BEGIN Records shown

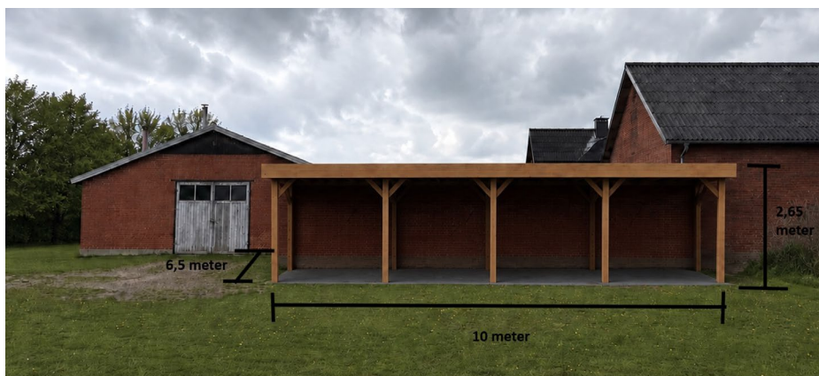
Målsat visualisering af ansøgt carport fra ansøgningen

END Records shown
BEGIN Records shown

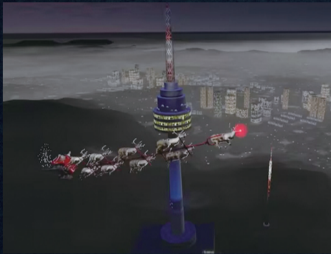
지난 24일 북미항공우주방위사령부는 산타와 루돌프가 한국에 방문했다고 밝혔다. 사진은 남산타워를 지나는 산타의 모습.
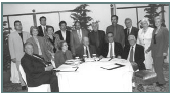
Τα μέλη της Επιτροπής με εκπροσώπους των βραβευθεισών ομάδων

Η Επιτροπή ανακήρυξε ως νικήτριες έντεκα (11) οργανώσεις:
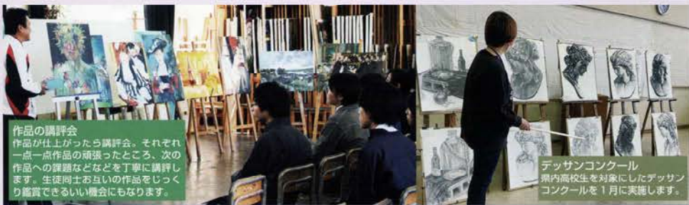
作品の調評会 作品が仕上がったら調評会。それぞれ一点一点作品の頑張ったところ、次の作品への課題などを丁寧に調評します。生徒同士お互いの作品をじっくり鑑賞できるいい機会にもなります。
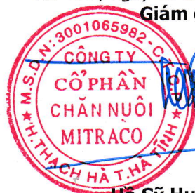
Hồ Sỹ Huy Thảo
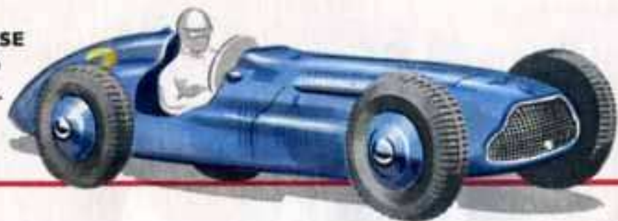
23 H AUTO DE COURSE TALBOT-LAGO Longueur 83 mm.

END Records shown

▶ [Your instructions]
Could you transcribe exactly the entries above, but only the lines from the one with "Hồ Sỹ Huy Thảo" through the one with "23 H AUTO DE", and without pictures?

▶ [Result of the task]
Hồ Sỹ Huy Thảo
23 H AUTO DE COURSE TALBOT-LAGO Longueur 83 mm.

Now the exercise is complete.